It mgiht very well that I am misunderstanding something here, but I am following the official seq2seq tutorial and I am unsure about the following section:
if use_teacher_forcing:
# Teacher forcing: Feed the target as the next input
for di in range(target_length):
decoder_output, decoder_hidden, decoder_attention = decoder(
decoder_input, decoder_hidden, encoder_outputs)
loss += criterion(decoder_output, target_tensor[di])
decoder_input = target_tensor[di] # Teacher forcing
else:
# Without teacher forcing: use its own predictions as the next input
for di in range(target_length):
decoder_output, decoder_hidden, decoder_attention = decoder(
decoder_input, decoder_hidden, encoder_outputs)

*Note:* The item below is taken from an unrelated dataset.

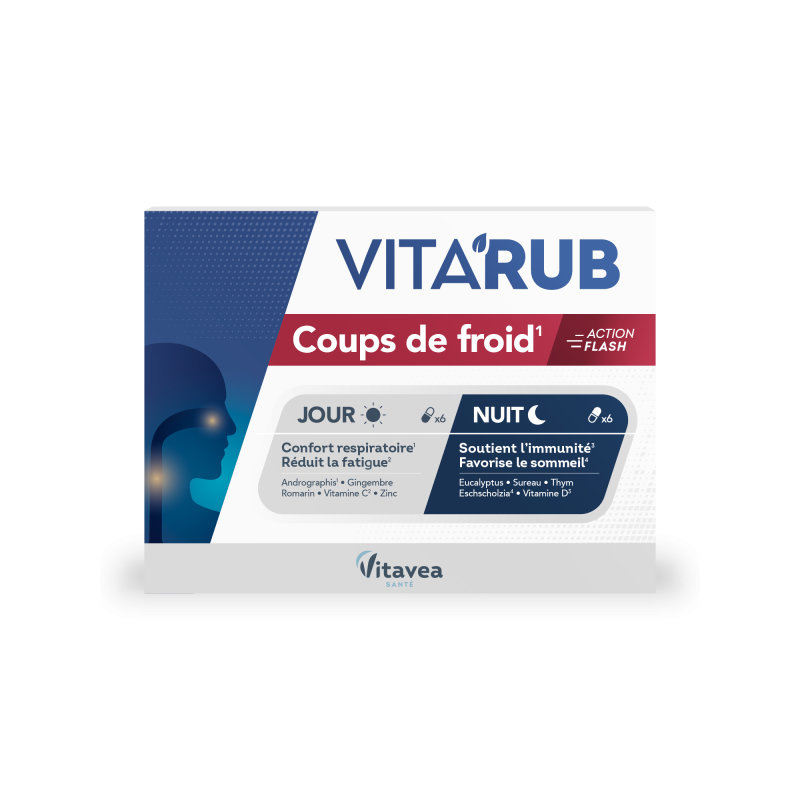 ●KVĖPAVIMO TAKŲ KOMFORTAS ●RAMUS MIEGASVitavea VITA’RUB Coups de Froid skirtas palaikyti organizmo atsparumą šaltuoju metų laiku.Šis maisto papildas derina dvi atskiras – dienos ir nakties – formules, sudarytas iš kruopščiai atrinktų augalinės kilmės medžiagų, vitaminų ir mineralų, padedančių palaikyti normalią imuninės sistemos veiklą ir bendrą savijautą.Rekomenduojama vartoti sezoniniais laikotarpiais, kai organizmas tampa jautresnis aplinkos veiksniams.DIENOS KAPSULĖ●Padeda palaikyti kvėpavimo takų komfortą(1)●Padeda mažinti nuovargį(2)Skėstašakis kamras(1), imbieras(2), rozmarinas, vitaminas C(2), cinkas(3)NAKTIES KAPSULĖ●Padeda palaikyti normalią imuninės sistemos veiklą(3)●Padeda palaikyti ramų miegą(4)Eukaliptas(1), juoduogis šeivamedis(1), vaistinis čiobrelis(1), geltonžiedė ešolcija(4), vitaminas D(3)MAISTINĖS MEDŽIAGOS●Skėstašakis kamras padeda palaikyti normalią kvėpavino takų funkciją, normalią imuninės sistemos veiklą, padeda apsaugoti ląsteles nuo oksidacinės pažaidos*. ●Imbieras padeda palaikyti palaikyti energiją ir gyvybingumą, normalią imuninės sistemos veiklą, normalią širdies veiklą, normalią virškinimo funkciją, padeda apsaugoti ląsteles nuo oksidacinės pažaidos*.●Rozmarinas padeda palaikyti skysčių šalinimą iš organizmo, padeda apsaugoti ląsteles nuo oksidacinės pažaidos*.●Eukaliptas padeda palaikyti normalią kvėpavino takų funkciją*.●Vitaminas D ir cinkas padeda palaikyti normalią imuninės sistemos veiklą. ●Cinkas padeda apsaugoti ląsteles nuo oksidacinės pažaidos.●Juoduogis šeivamedis padeda palaikyti kvėpavimo takų funkciją, padeda palaikyti normalią imuninės sistemos veiklą, padeda apsaugoti ląsteles nuo oksidacinės pažaidos*.●Čiobrelis padeda palaikyti kvėpavimo takų funkciją, normalią virškinimo funkciją, padeda apsaugoti ląsteles nuo oksidacinės pažaidos*.●Geltonžiedė ešolcija, dar vadinama „Kalifornijos aguona“, padeda palaikyti normalią psichologinę funkciją, padeda atsipalaiduoti, padeda esant sutrikusiam miegui, nemigai, nerviniam susijaudinimui, nerimui*.*Teiginiai apie sveikatingumą laukia ES patvirtinimo.1-oje dienos kapsulėje:●Tikrojo imbiero ekstraktas 100 mg ●Vitaminas C 80 mg (100 % RMV*) ●Skėstašakio kamro ekstraktas 80 mg ●Rozmarino ekstaktas 25 mg ●Cinkas 5 mg cinko (50 % RMV*)1-oje nakties kapsulėje:●Juoduogio šeivamedžio ekstraktas 50 mg ●Eukalipto ekstraktas 50 mg ●Vaistinio čiobrelio ekstraktas 50 mg ●Geltončiedės ešolcijos ekstraktas 25 mg ●Vitaminas D 2,5 µg (50 % RMV*)* RMV referencinė maistinė vertė.Maisto papildas. 12 augalinės kilmės kapsulių. Grynasis kiekis 6,23 g.Partijos Nr. ir geriausias iki pabaigos: nurodyta ant pakuotės.Gamintojas: Vitavea, 85612 Montaigu Cedex, PrancūzijGavėjas :
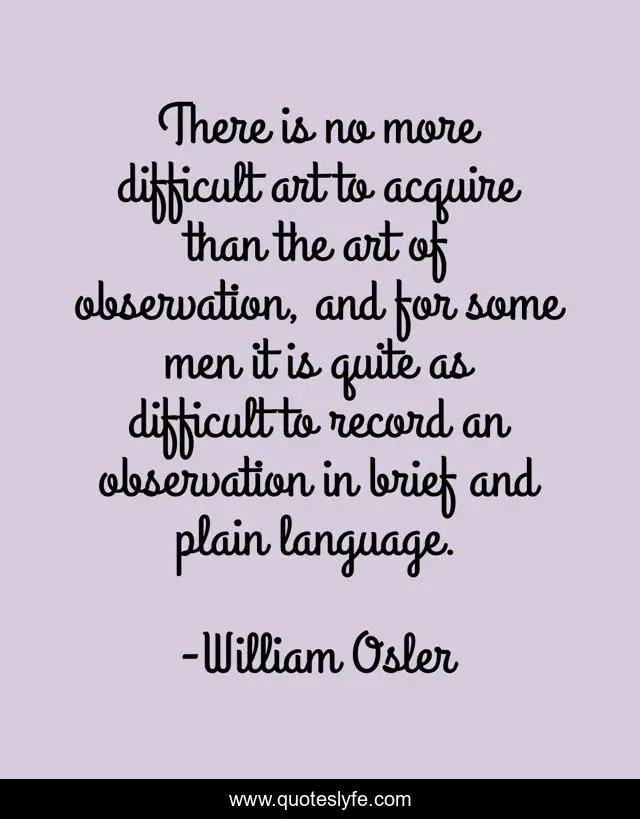 This page presents the quote "There is no more difficult art to acquire than the art of observation, and for some men it is quite as difficult to record an observation in brief and plain language.". Author of this quote is William Osler. This quote is about men, observation, language,.

topv, topi = decoder_output.topk(1)
decoder_input = topi.squeeze().detach() # detach from history as input
loss += criterion(decoder_output, target_tensor[di])
if decoder_input.item() == EOS_token:
break
I assume that all input and output sequences start with the SOS token and end with the EOS token, both on the source and the target side.
As you can see, the SOS token is given as input and then target_length
new tokens are generated and used to calculate loss. It seems to me that this means that one token too many will be generated (and used in calculating loss) because the first token SOS
has already been given. this also means that the loss function compares the wrong indices: I think it should be target_tensor[di+1]
because otherwise you are one token late, as we shifted one index forward because we already started with SOS.
Am I wrong? I wasn’t sure whether this should be posted as an issue on Github or here, so first trying to post it here.